I still use a stethoscope.  It's not a collector's item yet, but I don't think it will be much longer. 

Comments

  1. One thunderstorm or one beaurocratic whim and your records are gone. Obsolete or trendy new software will make reading old records impossible.
    nothing is a durable as paper.
    And more secret too.

    ReplyDelete
  2. I never quite know what to think when I read articles on the "death of the doctor-patient relationship." Some years ago now, in the early 2000s, an MD/MBA whiz in our area established a multispecialty practice that has been growing leaps and bounds. His group was the first in the area to use laptops in the exam rooms etc. People wept about the "impersonal" nature of it all, and the founder was interviewed in a local media outlet as saying (and I'm paraphrasing it here) "Marcus Welby is dead, this is medicine now. Get over it." People were appalled.

    My PCP is part of that practice, and a very early adopter of all things technological. He is also the most human, humane, and engaged physician I have ever encountered, before or after the technological revolution. If anyone knows well how to balance technology and humanity, it is this man, I wish I could clone him for everyone else to see that it's not just "get over it." Lest you think he is an anomaly, I have seen a half a dozen specialists in the practice over the years, some for a visit or two, some ongoing: gastroenterologist, orthopedic specialist, cardiologist, etc. All very young (well, in comparison to me). Every single one of them has known how to balance the relationship--admittedly, some better than others, but then again, not all docs were Marcus Welby types before the revolution either.

    I am a bit amused that the hard-line, "get over it" mantra came from the top of this practice, and yet the front line docs are about as far from that attitude as can be. Perhaps I have just been lucky.

    If your stethoscope becomes a museum piece in the coming age of medical wizardry, I don't worry that means that the human relationship will disappear. Those who want it to continue in conjunction with all the bells and whistles will find a way to make it so.

    ReplyDelete
  3. JPC Ph.D.has it right. Technology can augment and not detract from the human element. Unfortunately, the regulatory and economic factors are not keeping pace. So far the main technologic impact on medical practice has been the electronic medical record. Physicians like myself remain enslaved by medical record-keeping software that demands that we ring every bell and blow every whistle to document our encounter. Reimbursement remains irrational and "accountable care" is a long way off.
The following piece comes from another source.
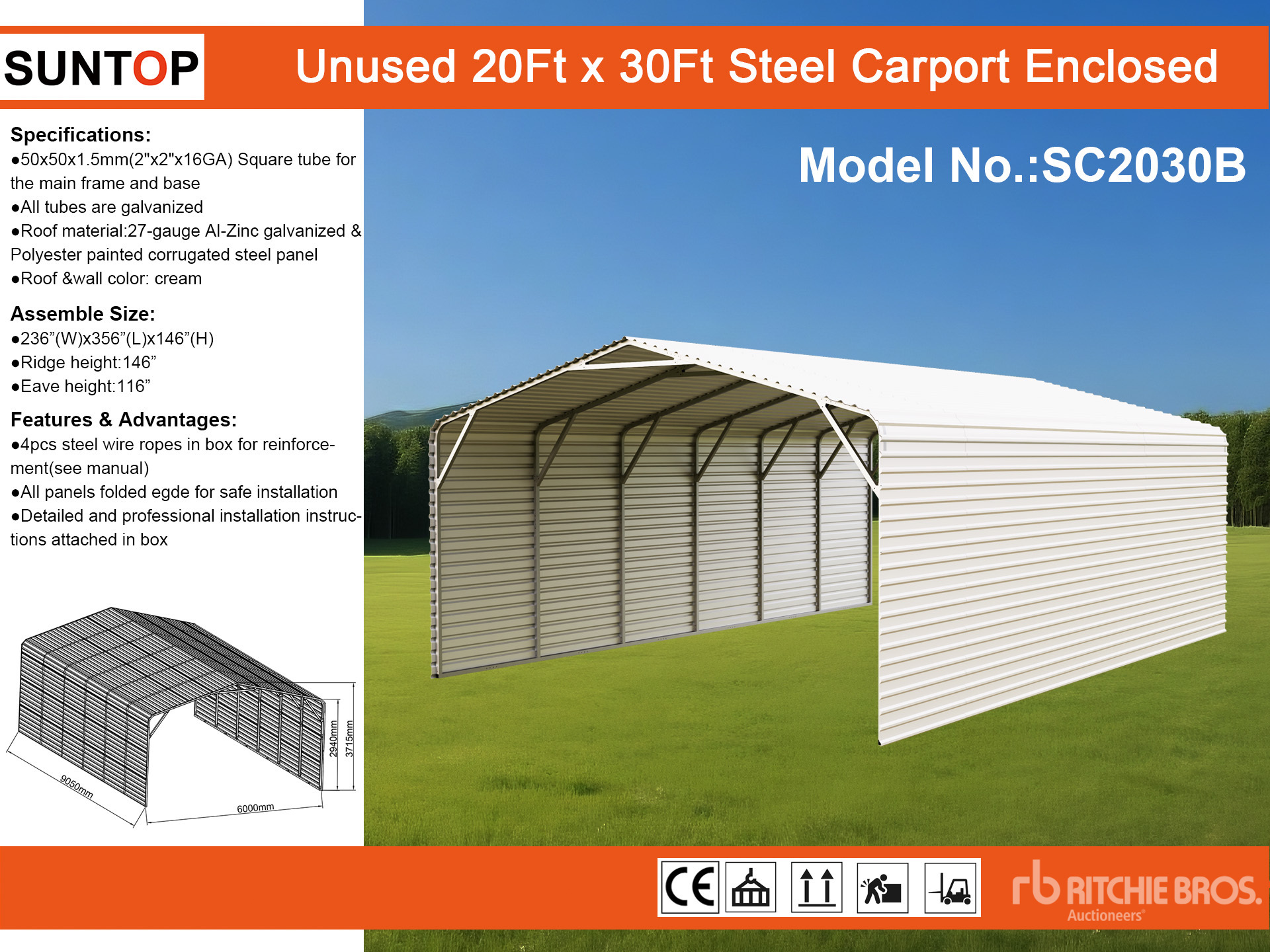 2026 SUNTOP SC2030B 20 ft x 30 ft Steel Enclosed Carport (Unused)
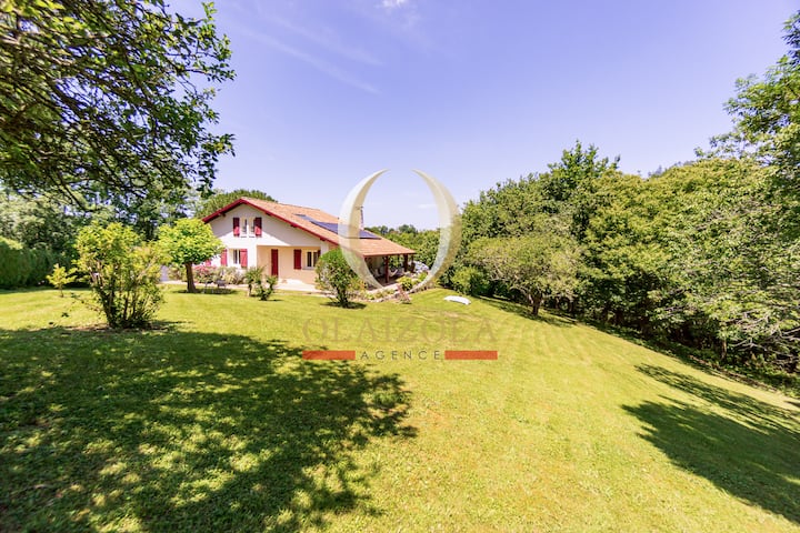 Nichée au bout d’une impasse paisible, cette magnifique villa néo-basque récemment rénovée est une véritable invitation à la sérénité. Entourée de forêt et de champs, elle offre un cadre naturel préservé où le seul bruit qui vous accompagnera sera celui des oiseaux. Idéale pour les amoureux de calme et de nature, tout en restant proche des villes et plages animées de la Côte Basque.

Meanwhile we are working longer hours for less pay in the name of what is for the most part meaningless use.
    I'm not worried about the impact on this physician's humanity, whether it is that of the laptop in my hand or the amazing technologies to come. I am worried about who will pay for it and how. We need single-payer health care, standard record-keeping software, and rational reward systems for those of us who have to do the adapting. No technology will provide the political will that is needed to encourage these changes.
    Physicians must lead. We should be talking about this problem as vocally as about stool DNA testing for colon polyps.

    ReplyDelete
  4. "Coronary bypass surgery performed robotically by a surgeon in New York City on a patient in Abu Dhabi."

    Actually if for-profit care has its way it will be coronary bypass surgery performed robotically by someone, who might be a surgeon, in some third world country on a patient in New York City.

    ReplyDelete
  5. Comments appreciated. I surmise that if most physicians were queried, they would agree that medical technology has diminished the doctor-patient relationship. I suspect that most patients, particularly those who are at least 50 years old, would agree. Many are quick to champion the advantages of techno-medicine, while ignoring or glossing over the costs, many of which are intangible.
    @David, who had the courage to sign his own name, I admit I have a visceral hostility against single payer, but I'm not informed or smart enough to offer the solution here. I did not support Obamacare and its implementation and future direction have not dislodged my view.